● What to produce:
Leave out the pictures. Return every record otherwise untouched.

Dataset items
......

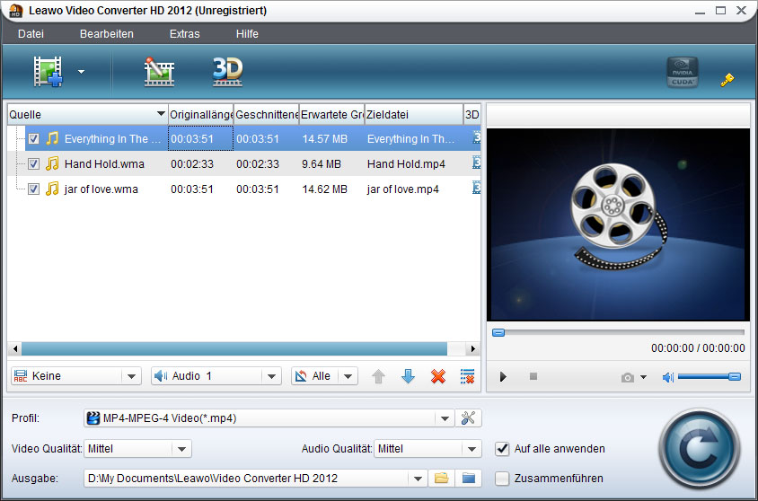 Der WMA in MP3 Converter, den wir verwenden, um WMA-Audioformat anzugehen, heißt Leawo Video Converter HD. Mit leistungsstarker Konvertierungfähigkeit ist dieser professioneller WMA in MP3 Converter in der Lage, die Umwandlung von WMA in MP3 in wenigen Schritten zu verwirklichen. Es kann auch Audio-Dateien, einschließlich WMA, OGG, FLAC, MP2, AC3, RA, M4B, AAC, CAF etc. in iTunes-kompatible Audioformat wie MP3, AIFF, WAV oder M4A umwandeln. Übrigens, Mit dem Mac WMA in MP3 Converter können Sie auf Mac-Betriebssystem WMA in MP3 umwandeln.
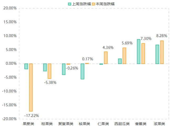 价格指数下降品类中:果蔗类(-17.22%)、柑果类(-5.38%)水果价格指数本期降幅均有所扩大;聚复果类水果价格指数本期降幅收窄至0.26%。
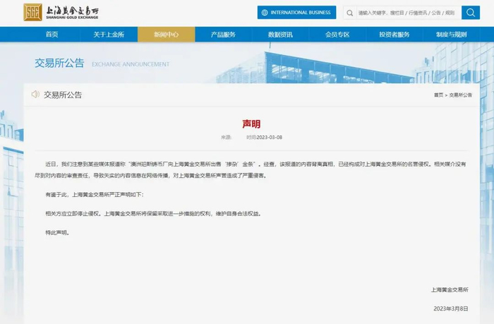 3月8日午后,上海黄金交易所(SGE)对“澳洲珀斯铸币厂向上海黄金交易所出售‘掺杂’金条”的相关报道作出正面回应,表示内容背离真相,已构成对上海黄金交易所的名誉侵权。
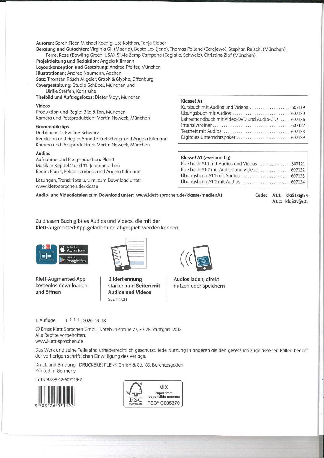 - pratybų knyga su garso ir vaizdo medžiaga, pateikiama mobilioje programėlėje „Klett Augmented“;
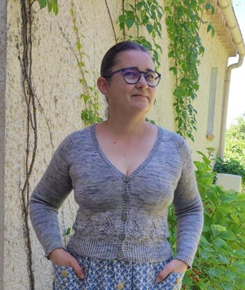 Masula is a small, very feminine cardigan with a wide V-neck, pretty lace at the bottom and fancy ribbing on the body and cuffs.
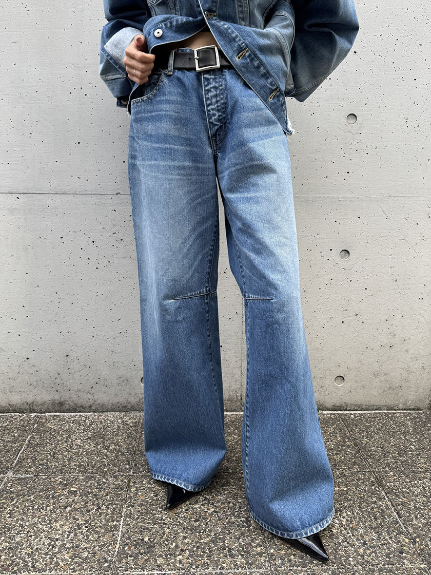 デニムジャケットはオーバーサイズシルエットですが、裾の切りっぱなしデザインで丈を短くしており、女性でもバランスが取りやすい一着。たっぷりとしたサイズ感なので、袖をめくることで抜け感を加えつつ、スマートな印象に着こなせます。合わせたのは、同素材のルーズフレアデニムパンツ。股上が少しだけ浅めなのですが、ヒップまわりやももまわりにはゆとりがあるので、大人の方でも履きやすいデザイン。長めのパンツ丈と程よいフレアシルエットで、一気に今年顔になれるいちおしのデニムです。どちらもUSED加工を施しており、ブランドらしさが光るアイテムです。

......

● Worked solution:
 Der WMA in MP3 Converter, den wir verwenden, um WMA-Audioformat anzugehen, heißt Leawo Video Converter HD. Mit leistungsstarker Konvertierungfähigkeit ist dieser professioneller WMA in MP3 Converter in der Lage, die Umwandlung von WMA in MP3 in wenigen Schritten zu verwirklichen. Es kann auch Audio-Dateien, einschließlich WMA, OGG, FLAC, MP2, AC3, RA, M4B, AAC, CAF etc. in iTunes-kompatible Audioformat wie MP3, AIFF, WAV oder M4A umwandeln. Übrigens, Mit dem Mac WMA in MP3 Converter können Sie auf Mac-Betriebssystem WMA in MP3 umwandeln.
 价格指数下降品类中:果蔗类(-17.22%)、柑果类(-5.38%)水果价格指数本期降幅均有所扩大;聚复果类水果价格指数本期降幅收窄至0.26%。
 3月8日午后,上海黄金交易所(SGE)对“澳洲珀斯铸币厂向上海黄金交易所出售‘掺杂’金条”的相关报道作出正面回应,表示内容背离真相,已构成对上海黄金交易所的名誉侵权。
 - pratybų knyga su garso ir vaizdo medžiaga, pateikiama mobilioje programėlėje „Klett Augmented“;
 Masula is a small, very feminine cardigan with a wide V-neck, pretty lace at the bottom and fancy ribbing on the body and cuffs.
 デニムジャケットはオーバーサイズシルエットですが、裾の切りっぱなしデザインで丈を短くしており、女性でもバランスが取りやすい一着。たっぷりとしたサイズ感なので、袖をめくることで抜け感を加えつつ、スマートな印象に着こなせます。合わせたのは、同素材のルーズフレアデニムパンツ。股上が少しだけ浅めなのですが、ヒップまわりやももまわりにはゆとりがあるので、大人の方でも履きやすいデザイン。長めのパンツ丈と程よいフレアシルエットで、一気に今年顔になれるいちおしのデニムです。どちらもUSED加工を施しており、ブランドらしさが光るアイテムです。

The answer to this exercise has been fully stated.